An antibiotic candidate developed by the Irish company Iterum Therapeutics has failed to meet the main goal of a phase III trial, a blow for efforts to meet the challenge of global antibiotic resistance.
Iterum Therapeutics’ drug sulopenem was tested in a phase III trial that recruited 674 patients suffering from complicated intra-abdominal infections. These are the second most deadly type of infection for patients in intensive care. The aim of the trial was to show that sulopenem was as good at treating the infections as ertapenem, an approved antibiotic for the condition.
According to the trial results, sulopenem treated the infection in almost 5% fewer patients than ertapenem. The drug statistically failed to show that it was as good as its approved counterpart.
Despite this disappointing result, Iterum is holding out hope for an FDA approval. The company pointed out that the miss was a narrow one, and it will await results from two other phase III trials of the antibiotic in patients with infections of the urinary tract. The results are expected in early 2020.
Abdominal and urinary tract infections that are resistant to first-line antibiotics are often treated with injected antibiotics like carbapenems or harsh oral antibiotics like fluoroquinolones. Iterum licensed sulopenem from Pfizer in 2015 because it saw the potential for the drug to treat drug-resistant abdominal and urinary tract infections in an oral form without the side effects of fluoroquinolones.
Iterum’s phase III trial failure is a setback for those hoping for the approval of new antibiotics on the market.
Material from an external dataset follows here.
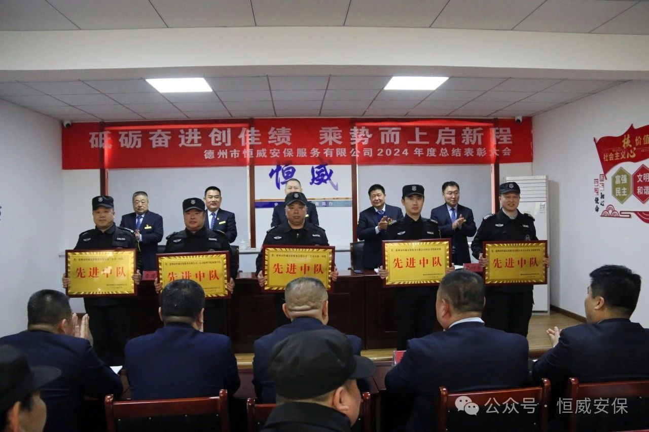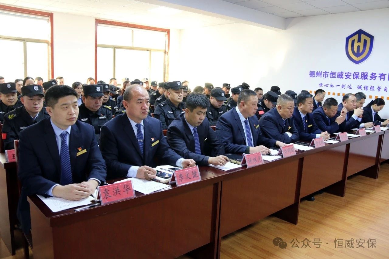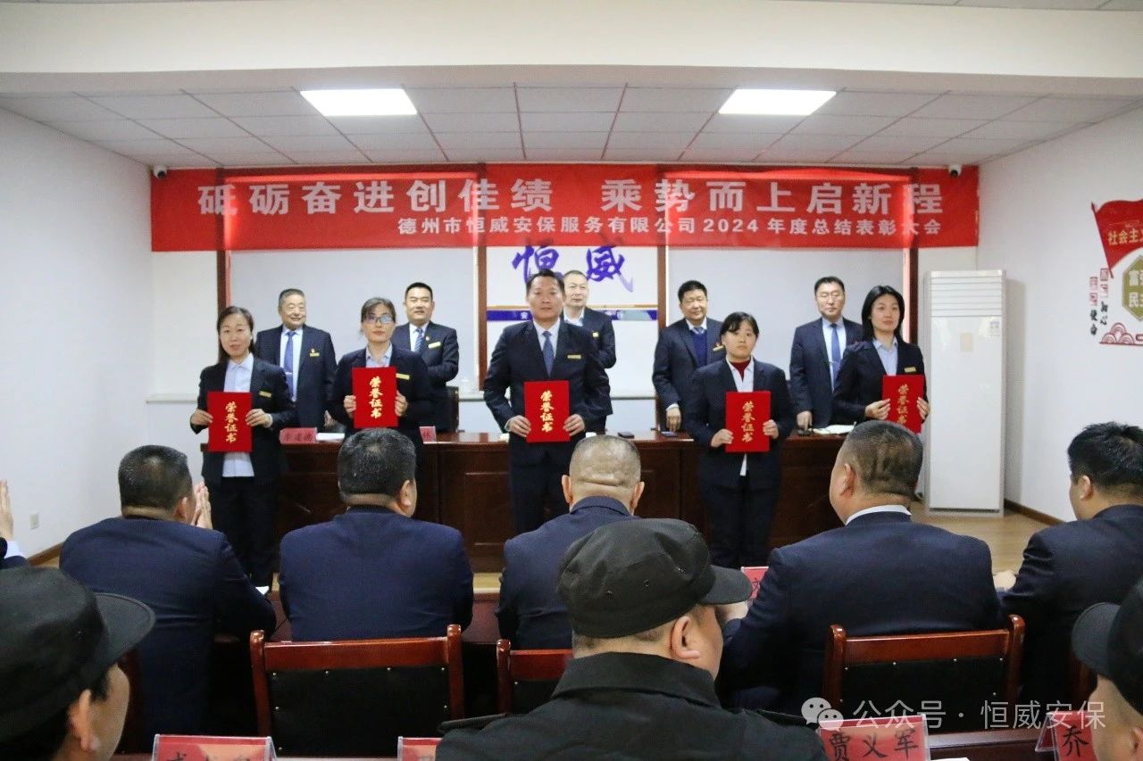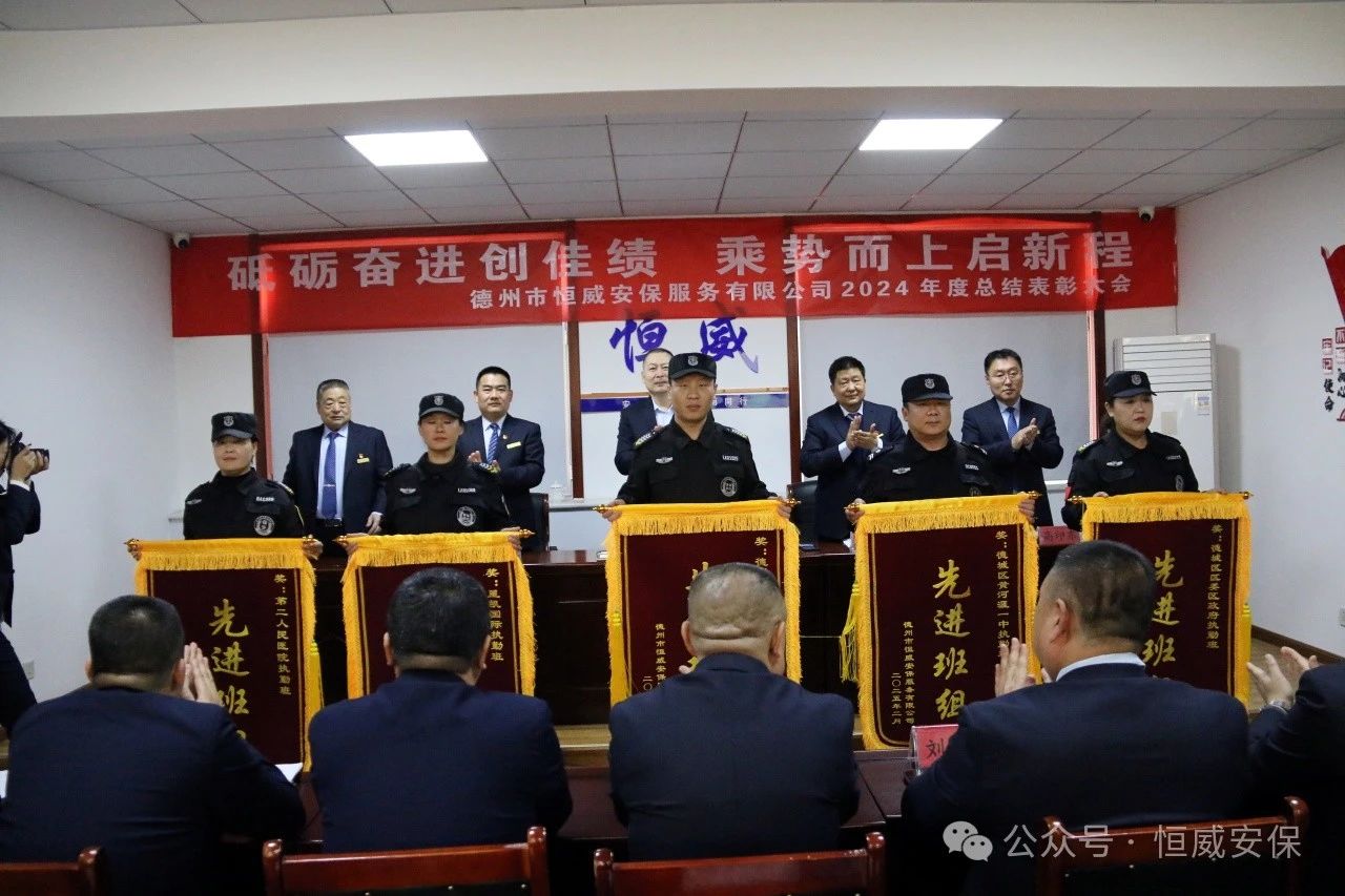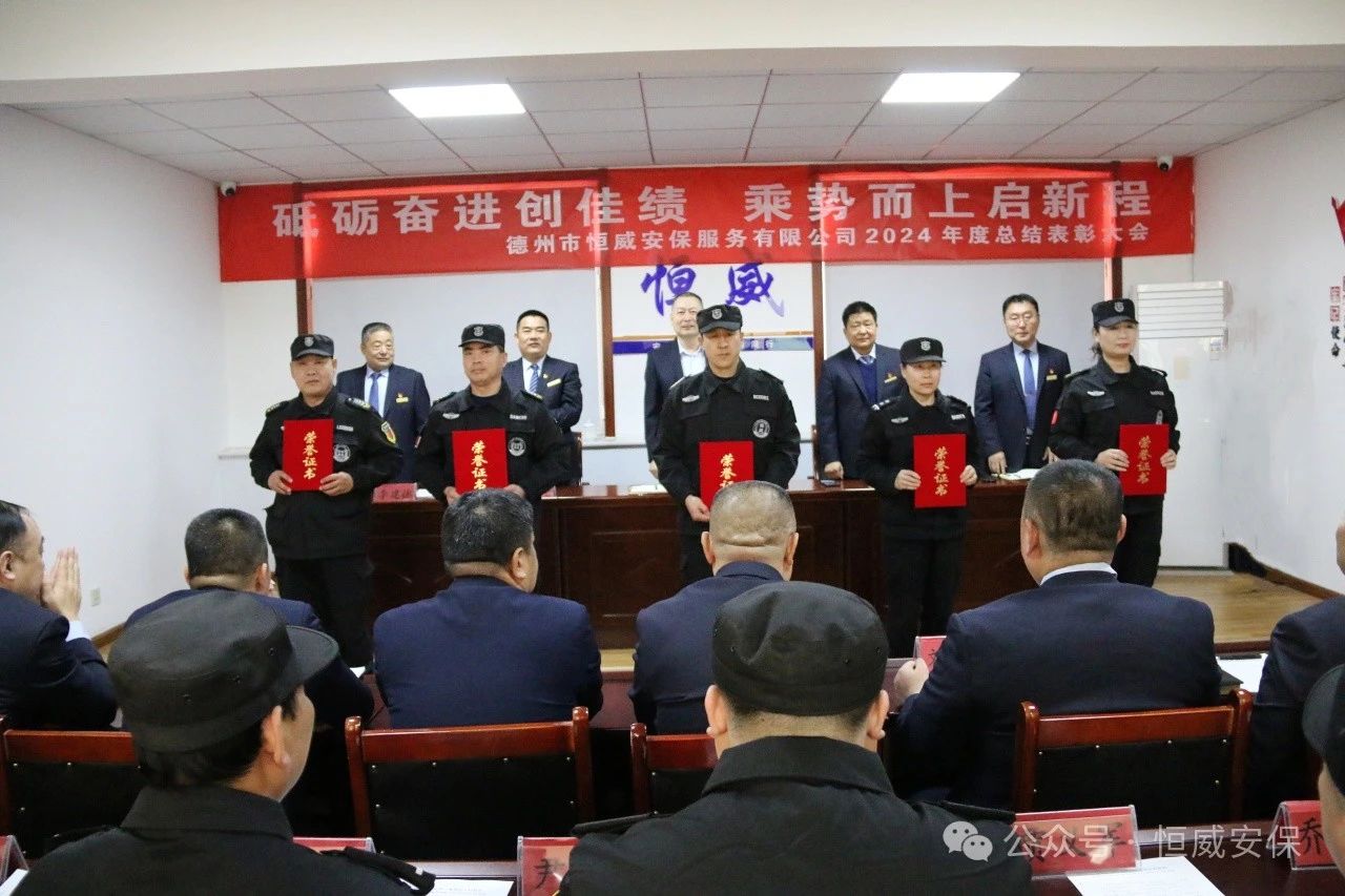 為表彰先進、激勵斗志,總結成績、展望未來,2025年2月19日上午,德州市恒威安保服務有限公司召開2024年度總結表彰大會,公司領導、各級管理人員以及獲得表彰的先進集體代表、優(yōu)秀管理者、優(yōu)秀班長、優(yōu)秀員工代表共60余人參加大會,會議由公司副總經(jīng)理張玉濤主持。

There is a growing crisis of new strains of bacteria becoming resistant to existing antibiotics and big pharma companies tend to see developing antibiotics as unprofitable due to their limited lifespan and sparing use in healthcare. To tackle this problem, governments like that of the UK are increasingly implementing policies to hurry up the development of new treatment options.
While Iterum Therapeutics’ antibiotic is one of the most developed of the new generation of antibiotics, a number of companies in Europe have antibiotic candidates in phase III including the big pharma GSK and the UK biotech Summit Therapeutics.
In addition to small molecule antibiotics, there are companies developing other antibacterial treatments to tackle the antibiotic resistance crisis. For example, the French biotech Pherecydes Pharma is developing bacteria-hunting viruses called bacteriophages to bypass antibiotic resistance.